**YOUR OBJECTIVE:** Leave every picture out and write out the records below exactly.

......

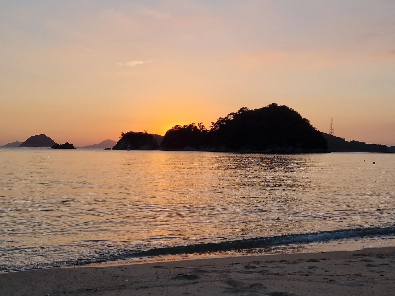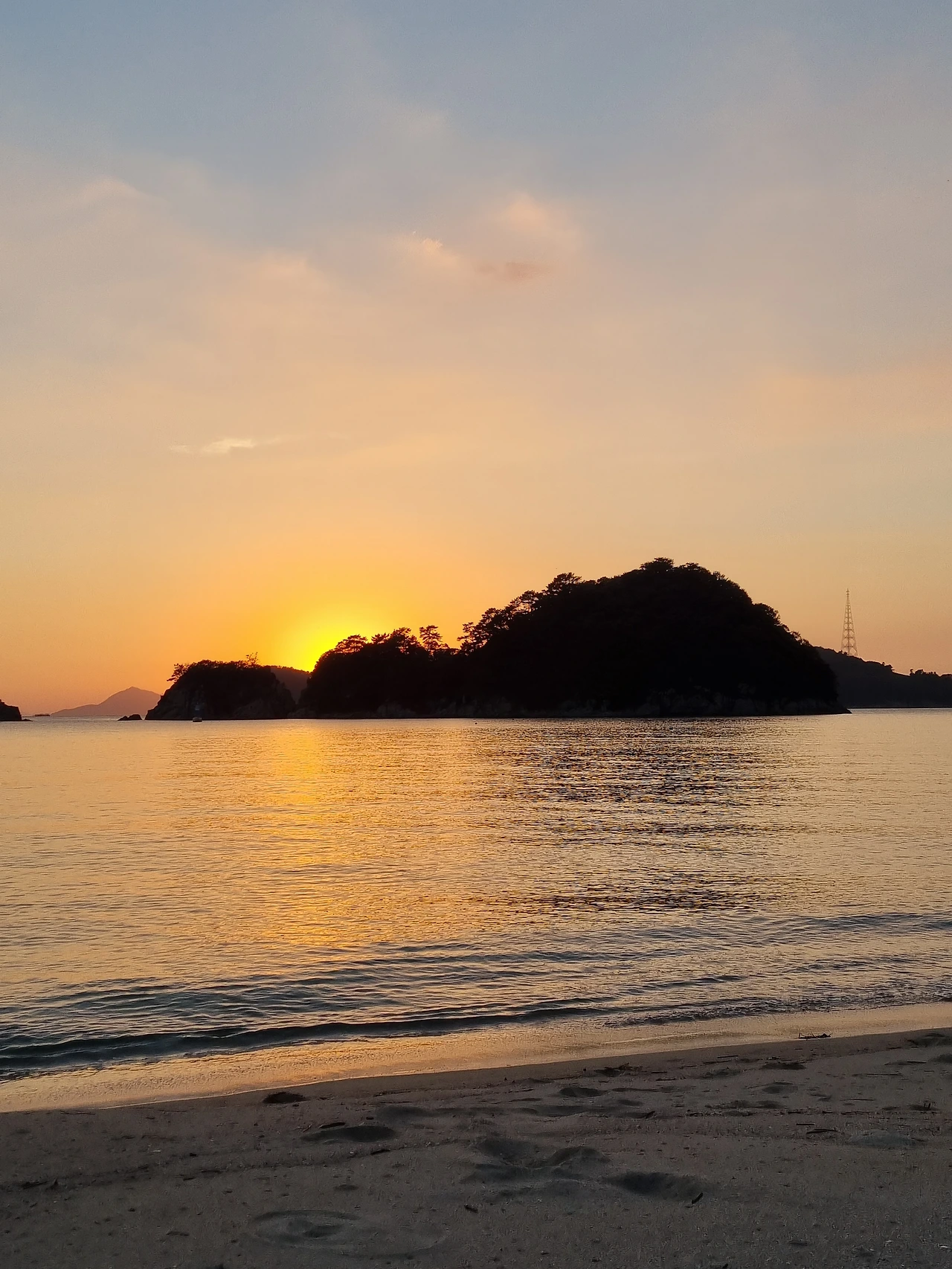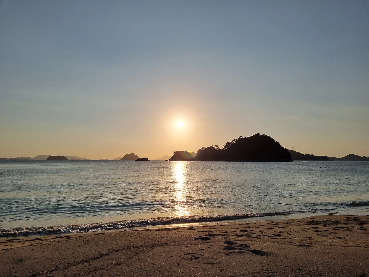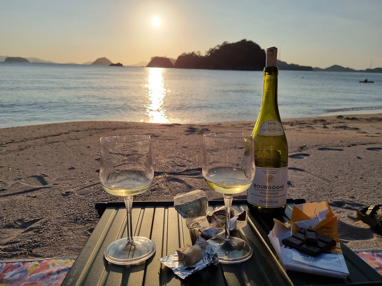 우리는 돗자리와 테이블, 와인, 안주 삼을 치즈와 초콜릿을 챙겨서 해변으로 나왔다. 눈앞에 보이는 작은 섬 위로 해가 떨어지고 있었다. 바다가 지는 햇살을 한껏 품고 아름답게 반짝반짝거렸다. 들썩들썩 신나는 기분으로 해변으로 걸어갔다.
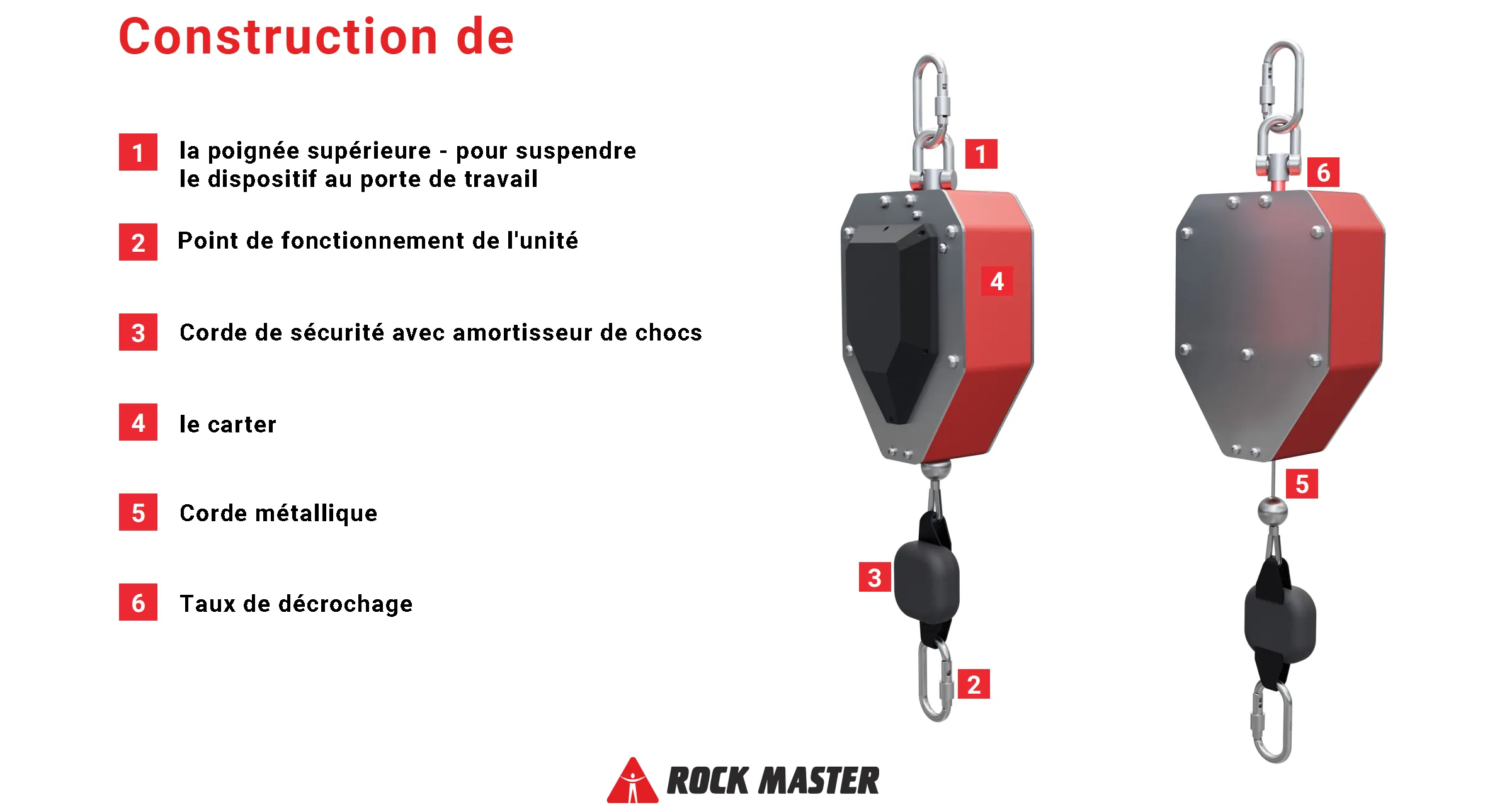 La première est la poignée supérieure, qui sert à suspendre le dispositif au poste de travail (la suspension d’un dispositif autobloquant ne peut être effectuée qu’à l’aide de points d’ancrage de type A ou B conformément à la norme EN 795 : 2012 placés dans la structure/structure du poste de travail à l’aide d’un connecteur conformément à la norme EN362). Le second élément, une corde de sécurité en acier orientée vers le bas et se terminant par un amortisseur avec un connecteur, est le point de fonctionnement du dispositif. Le connecteur est utilisé pour relier la corde au harnais de l’utilisateur.
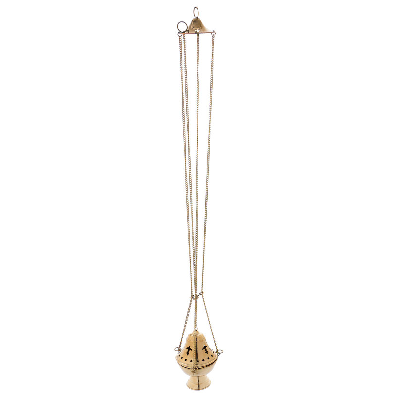 Cadelnita din alama aurita, inaltime 14 cm Diametru: 11 cm Lungime lant: 58 cm
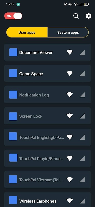- 사용자는 앱이 인터넷에 액세스하는 것을 허용/차단할 수 있으며, 이 솔루션의 기술은 인터넷 액세스를 제어하기 위해 VpnService를 사용합니다.
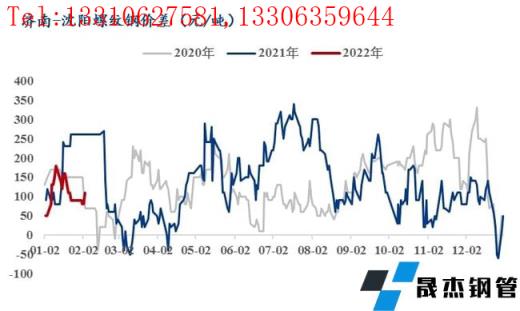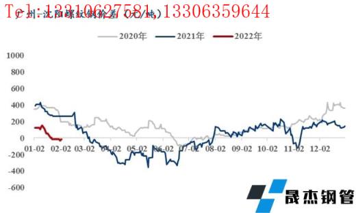 2、節后開市東北地區螺紋價格在京津大幅上漲以及無縫厚壁鋼管廠家的集體上調下累計上漲140-160元/噸,漲后價格已經明顯高于華東華南地區,從利潤角度出發無縫厚壁鋼管廠家更傾向于本地化銷售;截至2月6日東北螺紋鋼庫存約70.3萬噸較節前增加19.3萬噸同比增加3.9萬噸,盤線庫存約20.8萬噸較節前增加6.4萬噸同比增加13.7萬噸,從省份來看遼寧地區的庫存壓力整體較大,黑吉尚可。同時今年春節時間較早,離需求啟動還有近一個月的時間,因此即使在南方價格不具優勢的情況下,本地無縫厚壁鋼管廠家或繼續保持較高南下比例,2月份的實發量或高于計劃水平。

......

**YOUR RESPONSE:**
 우리는 돗자리와 테이블, 와인, 안주 삼을 치즈와 초콜릿을 챙겨서 해변으로 나왔다. 눈앞에 보이는 작은 섬 위로 해가 떨어지고 있었다. 바다가 지는 햇살을 한껏 품고 아름답게 반짝반짝거렸다. 들썩들썩 신나는 기분으로 해변으로 걸어갔다.
 La première est la poignée supérieure, qui sert à suspendre le dispositif au poste de travail (la suspension d’un dispositif autobloquant ne peut être effectuée qu’à l’aide de points d’ancrage de type A ou B conformément à la norme EN 795 : 2012 placés dans la structure/structure du poste de travail à l’aide d’un connecteur conformément à la norme EN362). Le second élément, une corde de sécurité en acier orientée vers le bas et se terminant par un amortisseur avec un connecteur, est le point de fonctionnement du dispositif. Le connecteur est utilisé pour relier la corde au harnais de l’utilisateur.
 Cadelnita din alama aurita, inaltime 14 cm Diametru: 11 cm Lungime lant: 58 cm
- 사용자는 앱이 인터넷에 액세스하는 것을 허용/차단할 수 있으며, 이 솔루션의 기술은 인터넷 액세스를 제어하기 위해 VpnService를 사용합니다.
 2、節后開市東北地區螺紋價格在京津大幅上漲以及無縫厚壁鋼管廠家的集體上調下累計上漲140-160元/噸,漲后價格已經明顯高于華東華南地區,從利潤角度出發無縫厚壁鋼管廠家更傾向于本地化銷售;截至2月6日東北螺紋鋼庫存約70.3萬噸較節前增加19.3萬噸同比增加3.9萬噸,盤線庫存約20.8萬噸較節前增加6.4萬噸同比增加13.7萬噸,從省份來看遼寧地區的庫存壓力整體較大,黑吉尚可。同時今年春節時間較早,離需求啟動還有近一個月的時間,因此即使在南方價格不具優勢的情況下,本地無縫厚壁鋼管廠家或繼續保持較高南下比例,2月份的實發量或高于計劃水平。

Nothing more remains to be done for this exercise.